The self-portraits presented across GRIMM’s New York and Amsterdam spaces are direct, lively, intimate, and authentic, true to our contemporary confessional age. Taking a classical, painterly approach, as opposed to the ‘anything goes' trend from the 1980s to the 2000s, when performance, video, and photography dominated the genre, and where the self-portrait seemed to focus on sound, the body (or part thereof), or a comment on a general metaphysical state, the works included here are the result of painters looking directly at themselves and depicting what they see. For some artists, the exhibition marks their first self-portrait; Matthias Weischer and Alex Dordoy among them. Others, such as Philip Akkerman, have made a career out of limiting their practice to only painting self-portraits.
The exhibition aims to capture a ‘state of being’ at this specific moment in time for each artist.
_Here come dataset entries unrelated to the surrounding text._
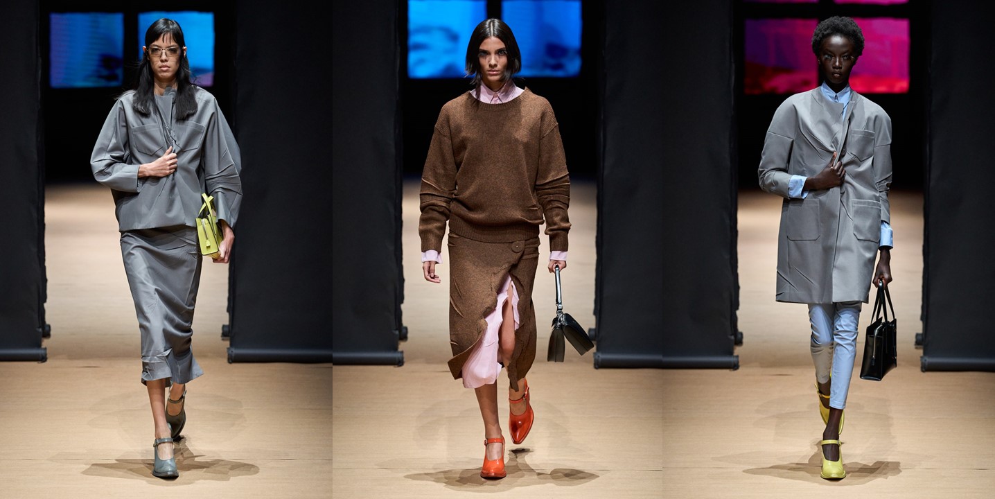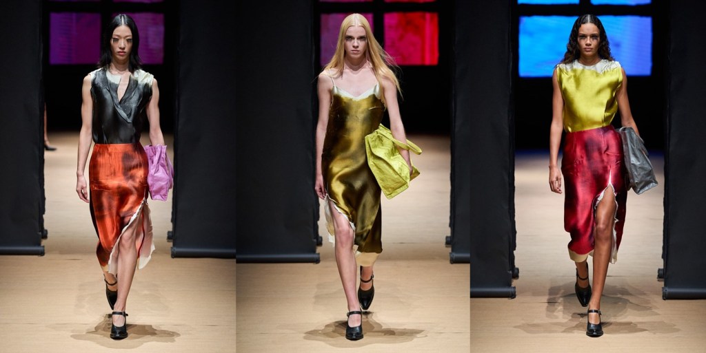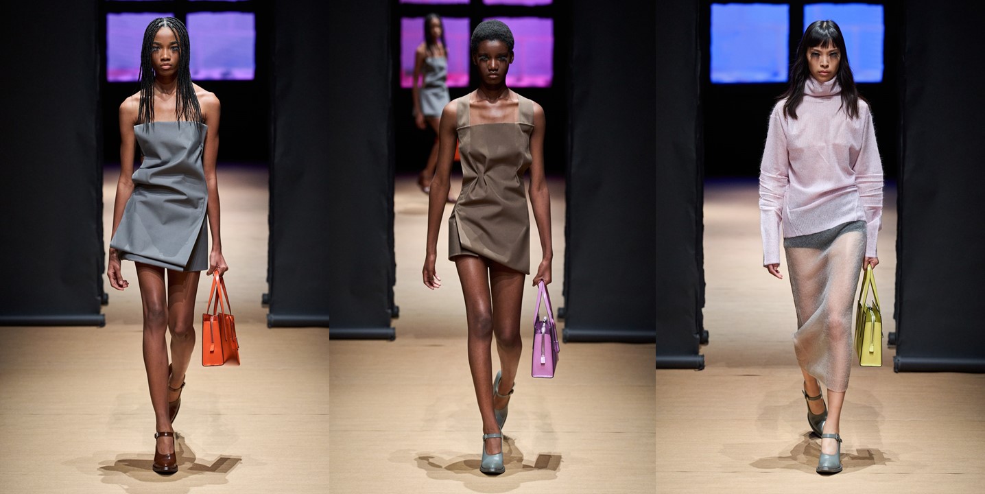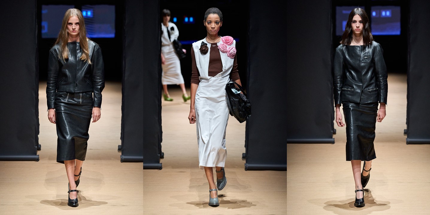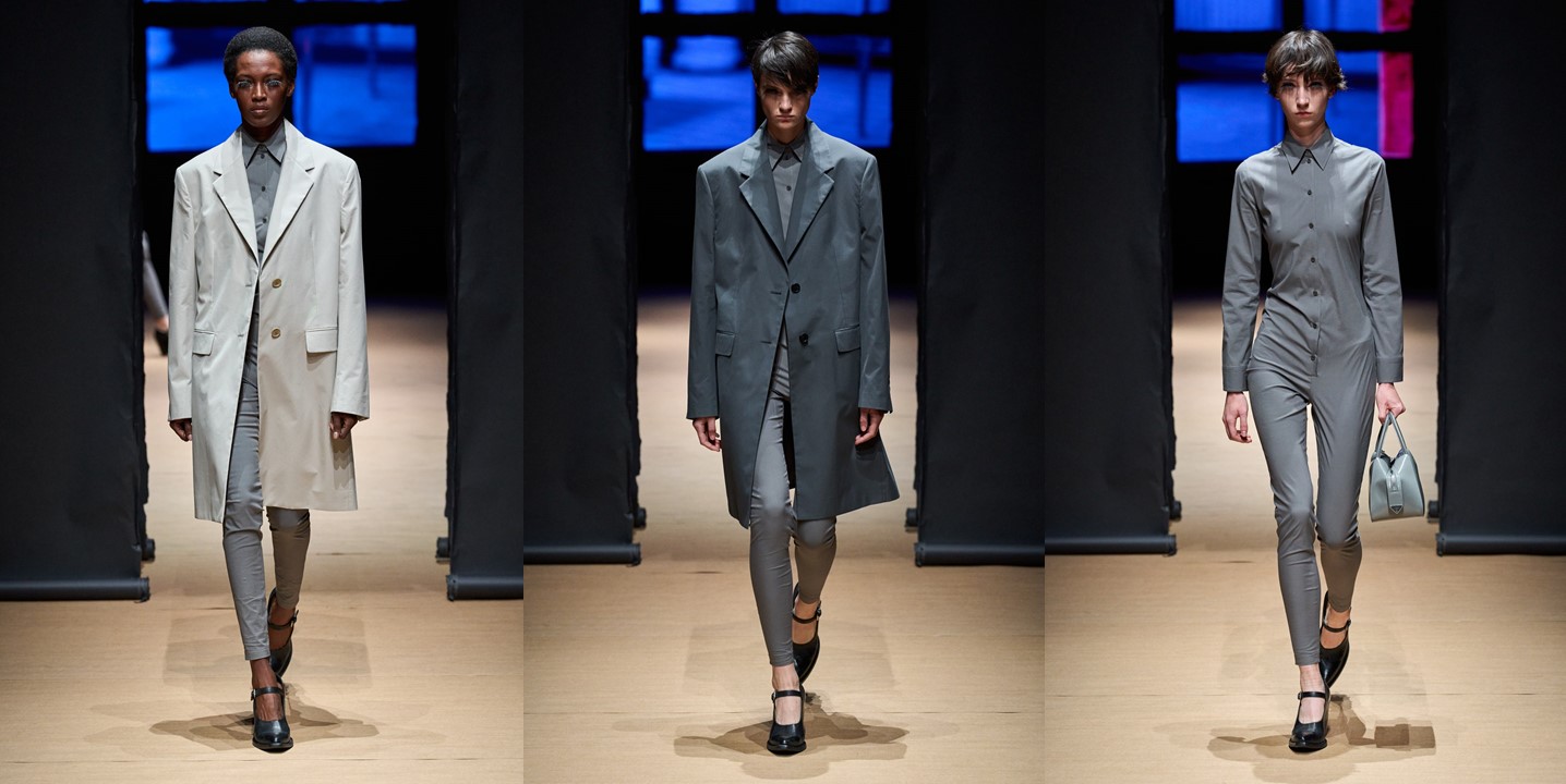 Finally, after two and half (fashion) weeks, a truly brilliant collection. Of course, it had to be Prada. Spring-summer 2023 might be the most sensual offerings to date coming from the creative dialogue between Miuccia Prada and Raf Simons. At a first glance, one might find it very simple, even straightforward. But the more you dig into the details, into its raw, yet cinematic effect, and the oddness of silhouettes and lenghts and material clashes, you realise that another word describes it better: “crude”. For the show, the Prada Fondazione was covered in black craft paper. Cut into the set walls were windows behind which short videos by the director Nicolas Winding Refn fame played: clips of a coat on a wooden dining chair, an empty kitchen, women in repose on couches. Were these scenes of domestic bliss? Knowing our protagonists, and understanding the two years we’ve all been through, that doesn’t seem likely. Instead, what Miuccia Prada and Raf Simons seemed to be after was some sort of truth – peering behind the curtain for a glimpse of reality or its close verisimilitude. “There is a sense of the life of women,” Miuccia Prada said in a statement. “Life and humanity crafts the clothes – not superficial embellishment, but traces of living, leaving marks. This idea of clothes shaped by humanity excites us.” The first look, in its corporate anonymity, seemed to belie that statement. Where’s the humanity in a dour gray top coat and lighter gray button-down onesie? But before long, the layers came undone. The boxy tailoring of that coat, for example, was replaced with an old-fashioned nightie, the familiar logo triangle embroidered on its tulle neckline. Picking up on the craft paper of the set, they used paper – “the most simple, modest material” – for dresses whose color and print didn’t quite meet the edges. These were the most thought-provoking pieces in the collection. The white outlines at necklines and hems gave the sleeveless shifts an unfinished, work-in-progress quality, like an artist made clothes out of a freshly painted canvas, rather than putting it in a frame. Clearly, Miuccia had her autumn-winter 2004 collection as the reference, where a similar technique was used for dresses and coats. Knit sweaters and skirts, meanwhile, came pre-creased in places, and the skirts’ slits were left raw-edged, with the slips underneath following the same almost ragged lines. The white nighties and peignoirs over black briefs and the icy silk duchesse dresses tapped into beloved parts of the house archives. Trained for decades to see Mrs. Prada as fashion’s fortune teller, a mostly silent arbiter with an outsized influence, we come to Prada shows eager to know how we’ll want to dress next season. On that topic, the house founder and her partner had a new idea, and it goes back to that skinny legged, stripped of all excesses all-in-one. Many designers are thinking wider and fuller for spring – the overwhelming vibe is go big or go home. But here the silhouette was tapered to the ankle and punctuated with a boxy coat or jacket and chunky cowboy boot mary janes. A new Prada uniform? In his own comments, Simons said, “more than any other collection, this one is filled with different views… different bodies of work, within a single body of work – shifting between disparate form languages.”
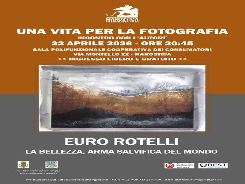 Marostica rende omaggio a Euro Rotelli, fotografo di rara sensibilità e umanità, con un incontro intenso e riflessivo promosso da Marostica Fotografia 1979. Rotelli ci parla di una fotografia che non si limita a ritrarre il mondo, ma lo riguarda con compassione, rivelando la bellezza come forza capace di redimere, unire, risvegliare. Un incontro con l’autore per ascoltare storie nate dalla luce, dal silenzio e dal coraggio di guardare.
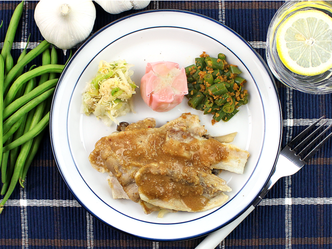 副菜は、細切りの白菜とツナを合わせた白菜のサラダ、ピンク色の皮でタラとエビのすり身を包んだシューマイ、ピリ辛のインゲンのそぼろあえです。

In the era of the ‘selfie’, taken on a daily basis by millions to present a veneer of success, experience, beauty, or aspiration - the true sense of ’self’ can be overlooked or masked. The self-portrait offers the potential to reflect not only the surface but also the psychological interior of the artist, adapting to each artist’s distinctive voice. A group exhibition about self-portraiture in 2024, featuring young and mid-career artists engaging with this centuries-old practice of self-reflection and contemplation seems apt, provocative, and challenging.
In New York, Self-Portraits will feature work by Philip Akkerman, Charles Avery, Gabriella Boyd, Anthony Cudahy, Alex Dordoy, Louise Giovanelli, Tommy Harrison, Nathanaëlle Herbelin, Neo Matloga, Rosalind Nashashibi, Polina Pak, Emil Sands, Benjamin Sasserson, and Rafał Topolewski.
Meanwhile in Amsterdam, Self-Portraits will present new work by artists, including Hannah van Bart, Volker Hüller, Nathaniel Oliver, Christine Safa, Anj Smith, Jonathan Wateridge, Matthias Weischer, and Arisa Yoshioka.